Researchers in Manchester have demonstrated for the first time the relative safety and effectiveness of treatment, eltrombopag, in children with persistent or chronic immune thrombocytopenia (ITP), as part of an international duo of studies.
The results of the studies conducted in Manchester by the ITP Centre, in partnership with the NIHR / Wellcome Trust Manchester Clinical Research Facility (CRF), both based at Royal Manchester Children's Hospital were published in Lancet Haematology and The Lancet.
ITP is an autoimmune disorder where the immune system attacks platelets and blood fails to clot as it should. Four in every 100,000 children develop the disorder each year globally. The symptoms of ITP include bleeding and bruising more easily. Frequent nose bleeds and bleeding from the gums can be common, and bruising often appears as purple patches or tiny red spots on the skin. On rare occasions bleeding can be life threatening.
The condition may resolve by itself, but for one in every four of the affected children, the condition becomes chronic persisting after primary intervention and lasting for more than twelve months. For eight-year-old George, a patient from Royton near Rochdale who was involved in the study, having chronic ITP meant frequent visits to A&E for nose bleeds that wouldn't stop and he would also miss out on social activities.
George's mum, Joanne, explains: "George was diagnosed when he was four years old. I'd find myself chasing after George trying unsuccessfully to wrap a very active little boy in cotton wool. On this new treatment, George can make the most of his childhood and he recently celebrated his eighth birthday with friends in style at a trampoline park."
Historically, second-line treatment options for children with ITP have been scarce and, one of the earliest options, surgical removal of the spleen (splenectomy) was associated with a high risk of sepsis and thrombosis. A better understanding about the underlying cause of ITP led to the development of the use of newer immunosuppressant agents, including rituximab. More recently, thrombopoietin receptor agonists (e.g. eltrombopag) have been approved for the treatment of thrombocytopenia in adult patients with chronic ITP who have had an inadequate response or are intolerant to other treatments.
Chief investigator Dr John Grainger, Consultant Paediatric Haematologist and Honorary Lecturer at The University of Manchester, explains: "The studies, funded by GlaxoSmithKline*, provide clinicians with much needed evidence to help decide when eltrombopag would benefit paediatric patients and provide dosage regimens suitable for paediatric patients. "The studies demonstrate that eltrombopag is well tolerated and effective, consistently stabilising the platelet count to over 50 X 109 per litre within 2-6 weeks for 40 per cent of children receiving the treatment, compared with 0 per cent on the placebo arm." Life Sciences Minister George Freeman MP said: "This important research has the potential to bring real benefits to children suffering from rare and life threatening bleeding disorders.
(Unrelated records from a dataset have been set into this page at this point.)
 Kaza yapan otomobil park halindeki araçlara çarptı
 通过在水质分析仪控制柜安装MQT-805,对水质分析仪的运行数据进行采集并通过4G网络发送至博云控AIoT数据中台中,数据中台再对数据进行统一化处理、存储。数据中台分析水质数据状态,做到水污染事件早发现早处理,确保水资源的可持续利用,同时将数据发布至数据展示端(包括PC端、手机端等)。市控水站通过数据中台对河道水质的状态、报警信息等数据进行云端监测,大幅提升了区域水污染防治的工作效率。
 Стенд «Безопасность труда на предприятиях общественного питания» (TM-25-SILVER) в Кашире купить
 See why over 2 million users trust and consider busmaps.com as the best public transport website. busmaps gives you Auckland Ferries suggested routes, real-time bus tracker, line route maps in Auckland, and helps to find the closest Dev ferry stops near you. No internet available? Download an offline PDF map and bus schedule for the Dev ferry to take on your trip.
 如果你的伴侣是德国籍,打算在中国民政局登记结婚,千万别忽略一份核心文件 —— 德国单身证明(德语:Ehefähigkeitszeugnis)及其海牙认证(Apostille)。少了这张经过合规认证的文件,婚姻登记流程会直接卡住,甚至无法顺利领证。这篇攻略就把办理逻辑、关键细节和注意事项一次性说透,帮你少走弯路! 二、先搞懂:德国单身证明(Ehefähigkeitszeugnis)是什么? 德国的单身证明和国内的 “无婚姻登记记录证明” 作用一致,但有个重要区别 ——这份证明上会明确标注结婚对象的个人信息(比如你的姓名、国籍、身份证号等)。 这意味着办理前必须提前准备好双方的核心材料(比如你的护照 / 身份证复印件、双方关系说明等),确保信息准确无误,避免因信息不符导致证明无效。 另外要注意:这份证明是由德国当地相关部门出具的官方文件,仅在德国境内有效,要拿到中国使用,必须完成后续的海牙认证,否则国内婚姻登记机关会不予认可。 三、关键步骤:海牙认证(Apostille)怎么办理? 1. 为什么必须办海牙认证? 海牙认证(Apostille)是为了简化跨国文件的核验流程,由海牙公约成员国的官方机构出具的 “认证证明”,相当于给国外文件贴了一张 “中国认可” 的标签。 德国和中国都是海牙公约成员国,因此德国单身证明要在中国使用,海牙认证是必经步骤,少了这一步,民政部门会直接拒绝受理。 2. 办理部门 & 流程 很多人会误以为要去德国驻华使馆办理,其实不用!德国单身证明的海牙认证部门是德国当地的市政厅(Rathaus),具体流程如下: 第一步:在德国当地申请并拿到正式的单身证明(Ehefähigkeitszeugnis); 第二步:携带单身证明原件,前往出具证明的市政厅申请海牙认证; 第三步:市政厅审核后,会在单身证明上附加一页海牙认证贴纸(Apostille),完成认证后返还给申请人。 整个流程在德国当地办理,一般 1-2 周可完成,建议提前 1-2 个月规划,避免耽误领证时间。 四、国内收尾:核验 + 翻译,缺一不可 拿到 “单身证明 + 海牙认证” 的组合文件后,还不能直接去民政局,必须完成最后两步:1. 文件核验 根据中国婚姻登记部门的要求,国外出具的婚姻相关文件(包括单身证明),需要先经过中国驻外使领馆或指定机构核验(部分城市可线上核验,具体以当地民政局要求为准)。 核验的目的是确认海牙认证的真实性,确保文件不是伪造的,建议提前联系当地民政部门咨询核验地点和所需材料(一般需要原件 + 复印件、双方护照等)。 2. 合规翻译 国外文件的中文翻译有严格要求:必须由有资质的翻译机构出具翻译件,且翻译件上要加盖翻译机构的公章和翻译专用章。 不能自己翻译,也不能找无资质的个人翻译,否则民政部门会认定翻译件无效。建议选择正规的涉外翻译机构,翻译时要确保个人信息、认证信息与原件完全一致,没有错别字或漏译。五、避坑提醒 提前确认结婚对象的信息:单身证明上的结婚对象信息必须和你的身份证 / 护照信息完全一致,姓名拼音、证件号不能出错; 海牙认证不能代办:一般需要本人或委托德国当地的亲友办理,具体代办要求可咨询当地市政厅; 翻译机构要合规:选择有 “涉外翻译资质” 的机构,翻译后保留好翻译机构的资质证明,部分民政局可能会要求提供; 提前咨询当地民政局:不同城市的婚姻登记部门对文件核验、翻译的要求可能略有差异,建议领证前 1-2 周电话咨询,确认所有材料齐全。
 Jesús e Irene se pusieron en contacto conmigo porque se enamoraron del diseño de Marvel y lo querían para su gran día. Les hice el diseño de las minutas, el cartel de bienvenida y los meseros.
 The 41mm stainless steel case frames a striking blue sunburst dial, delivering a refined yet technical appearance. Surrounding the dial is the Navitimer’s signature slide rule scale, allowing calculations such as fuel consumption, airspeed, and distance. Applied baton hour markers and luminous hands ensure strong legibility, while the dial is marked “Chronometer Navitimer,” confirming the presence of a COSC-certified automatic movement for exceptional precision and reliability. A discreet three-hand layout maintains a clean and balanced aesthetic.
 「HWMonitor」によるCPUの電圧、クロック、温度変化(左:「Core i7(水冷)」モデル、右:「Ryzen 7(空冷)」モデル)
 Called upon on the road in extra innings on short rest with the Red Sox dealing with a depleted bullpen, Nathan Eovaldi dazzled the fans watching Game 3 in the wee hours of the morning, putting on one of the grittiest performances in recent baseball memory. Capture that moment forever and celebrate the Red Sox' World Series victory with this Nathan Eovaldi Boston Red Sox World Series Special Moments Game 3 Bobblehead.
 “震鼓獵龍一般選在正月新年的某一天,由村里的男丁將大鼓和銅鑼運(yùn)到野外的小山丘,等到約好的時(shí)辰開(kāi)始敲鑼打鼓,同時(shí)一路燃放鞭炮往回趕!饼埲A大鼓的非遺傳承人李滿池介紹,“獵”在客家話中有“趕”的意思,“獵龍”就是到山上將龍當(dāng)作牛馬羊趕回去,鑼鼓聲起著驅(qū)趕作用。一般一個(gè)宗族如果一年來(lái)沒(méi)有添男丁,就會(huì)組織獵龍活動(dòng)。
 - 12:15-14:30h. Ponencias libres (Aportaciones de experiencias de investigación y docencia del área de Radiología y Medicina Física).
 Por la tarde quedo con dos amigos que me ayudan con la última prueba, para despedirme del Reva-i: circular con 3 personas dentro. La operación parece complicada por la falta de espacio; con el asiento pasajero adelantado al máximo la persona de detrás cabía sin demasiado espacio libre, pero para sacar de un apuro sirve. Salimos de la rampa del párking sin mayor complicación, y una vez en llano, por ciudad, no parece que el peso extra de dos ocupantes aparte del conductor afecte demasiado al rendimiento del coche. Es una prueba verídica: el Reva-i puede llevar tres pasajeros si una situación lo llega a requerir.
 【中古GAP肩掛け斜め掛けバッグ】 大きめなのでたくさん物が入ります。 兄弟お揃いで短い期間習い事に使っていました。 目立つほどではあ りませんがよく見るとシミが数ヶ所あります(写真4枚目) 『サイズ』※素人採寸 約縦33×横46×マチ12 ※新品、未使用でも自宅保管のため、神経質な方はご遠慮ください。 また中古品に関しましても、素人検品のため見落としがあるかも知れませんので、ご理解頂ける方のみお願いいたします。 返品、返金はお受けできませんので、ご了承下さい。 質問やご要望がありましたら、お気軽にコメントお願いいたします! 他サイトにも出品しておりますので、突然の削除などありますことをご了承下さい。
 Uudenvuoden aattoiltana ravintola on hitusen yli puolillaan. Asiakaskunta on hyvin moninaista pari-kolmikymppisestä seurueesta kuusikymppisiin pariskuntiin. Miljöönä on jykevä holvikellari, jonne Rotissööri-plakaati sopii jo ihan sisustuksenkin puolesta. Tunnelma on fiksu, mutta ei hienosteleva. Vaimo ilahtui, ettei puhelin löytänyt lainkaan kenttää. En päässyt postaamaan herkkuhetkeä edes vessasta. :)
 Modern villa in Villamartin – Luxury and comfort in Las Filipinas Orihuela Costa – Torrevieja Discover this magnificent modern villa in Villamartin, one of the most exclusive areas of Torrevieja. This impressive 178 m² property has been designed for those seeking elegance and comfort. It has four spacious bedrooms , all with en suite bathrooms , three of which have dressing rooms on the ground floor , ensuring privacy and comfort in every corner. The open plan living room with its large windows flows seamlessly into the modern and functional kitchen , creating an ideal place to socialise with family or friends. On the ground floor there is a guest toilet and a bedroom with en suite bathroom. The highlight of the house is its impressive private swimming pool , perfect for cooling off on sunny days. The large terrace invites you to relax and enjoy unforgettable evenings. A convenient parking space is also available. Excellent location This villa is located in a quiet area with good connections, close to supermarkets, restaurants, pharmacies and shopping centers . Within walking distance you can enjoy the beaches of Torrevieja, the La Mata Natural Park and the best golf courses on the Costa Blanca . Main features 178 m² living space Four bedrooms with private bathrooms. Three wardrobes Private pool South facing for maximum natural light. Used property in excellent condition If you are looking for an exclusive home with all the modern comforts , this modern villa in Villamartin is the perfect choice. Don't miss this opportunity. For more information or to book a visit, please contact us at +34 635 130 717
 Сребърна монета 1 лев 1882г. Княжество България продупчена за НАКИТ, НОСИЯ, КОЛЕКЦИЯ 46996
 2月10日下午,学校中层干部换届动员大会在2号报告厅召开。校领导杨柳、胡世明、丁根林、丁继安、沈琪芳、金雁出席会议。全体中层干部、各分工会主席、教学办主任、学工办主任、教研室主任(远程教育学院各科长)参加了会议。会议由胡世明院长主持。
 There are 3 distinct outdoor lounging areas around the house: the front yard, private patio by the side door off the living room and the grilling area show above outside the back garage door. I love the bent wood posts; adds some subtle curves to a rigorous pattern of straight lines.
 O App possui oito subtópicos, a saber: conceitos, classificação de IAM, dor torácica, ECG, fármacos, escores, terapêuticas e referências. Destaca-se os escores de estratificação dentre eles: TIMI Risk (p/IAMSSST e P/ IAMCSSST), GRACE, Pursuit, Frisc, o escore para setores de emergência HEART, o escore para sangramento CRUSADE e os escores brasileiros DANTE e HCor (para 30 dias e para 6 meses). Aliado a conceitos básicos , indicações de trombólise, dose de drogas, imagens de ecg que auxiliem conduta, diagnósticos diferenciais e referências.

By investing more than £1 billion a year through the National Institute for Health Research we are giving our world leading life sciences sector the ability to trial the latest 21st century medical breakthroughs."
Professor Nick Webb, Director of the NIHR / Wellcome Trust Manchester CRF adds: "The first ever patient to be recruited to a clinical trial at our clinical research facility in Manchester was also the first patient globally to be recruited into the ITP study. This research will enable patients to be more actively involved in school and social activities, and is also an historical milestone for the clinical research facility -- affirming the value of having a dedicated children's research facility to test and tailor treatments to children's needs."